**Prompt:**
Print all the data that follows exactly, images excluded.

**Raw data:**
====
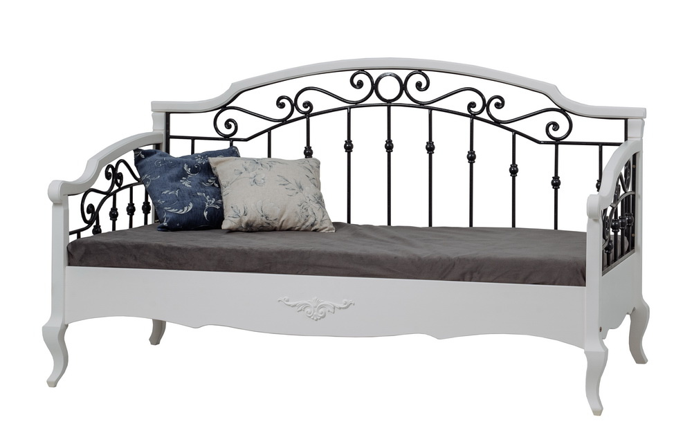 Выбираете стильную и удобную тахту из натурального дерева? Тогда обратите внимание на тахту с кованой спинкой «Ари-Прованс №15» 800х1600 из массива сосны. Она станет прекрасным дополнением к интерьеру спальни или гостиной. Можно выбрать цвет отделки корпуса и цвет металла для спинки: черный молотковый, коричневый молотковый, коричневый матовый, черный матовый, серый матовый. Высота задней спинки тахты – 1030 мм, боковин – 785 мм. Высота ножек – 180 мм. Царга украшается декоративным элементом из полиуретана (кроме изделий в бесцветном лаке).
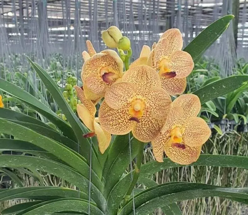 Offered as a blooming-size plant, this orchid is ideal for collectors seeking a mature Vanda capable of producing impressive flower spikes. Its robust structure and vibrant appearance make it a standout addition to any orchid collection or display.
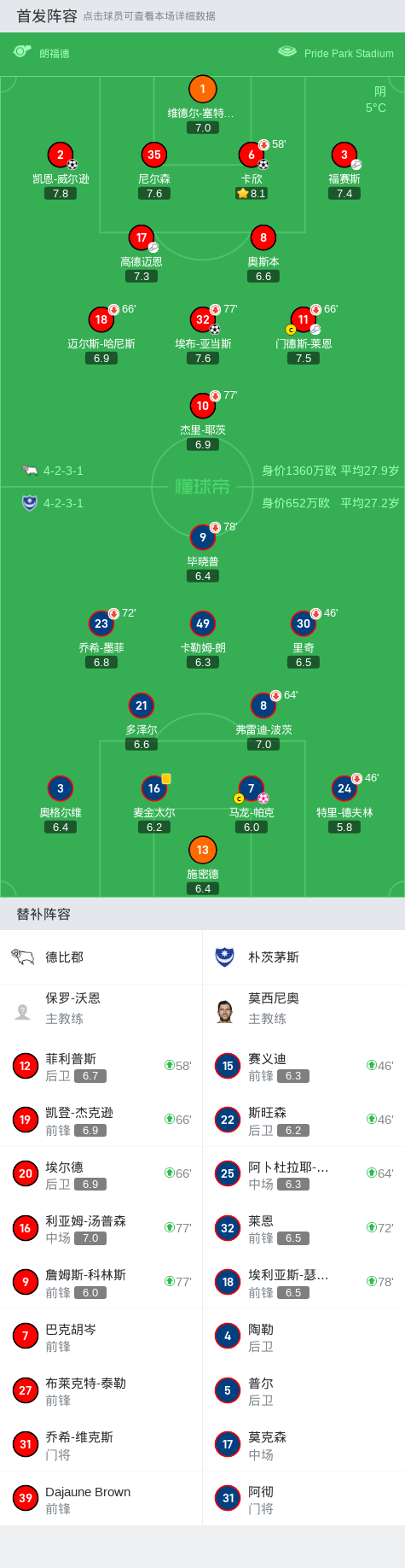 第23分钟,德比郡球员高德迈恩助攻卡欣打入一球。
====
**Output below:**
 Выбираете стильную и удобную тахту из натурального дерева? Тогда обратите внимание на тахту с кованой спинкой «Ари-Прованс №15» 800х1600 из массива сосны. Она станет прекрасным дополнением к интерьеру спальни или гостиной. Можно выбрать цвет отделки корпуса и цвет металла для спинки: черный молотковый, коричневый молотковый, коричневый матовый, черный матовый, серый матовый. Высота задней спинки тахты – 1030 мм, боковин – 785 мм. Высота ножек – 180 мм. Царга украшается декоративным элементом из полиуретана (кроме изделий в бесцветном лаке).
 Offered as a blooming-size plant, this orchid is ideal for collectors seeking a mature Vanda capable of producing impressive flower spikes. Its robust structure and vibrant appearance make it a standout addition to any orchid collection or display.
 第23分钟,德比郡球员高德迈恩助攻卡欣打入一球。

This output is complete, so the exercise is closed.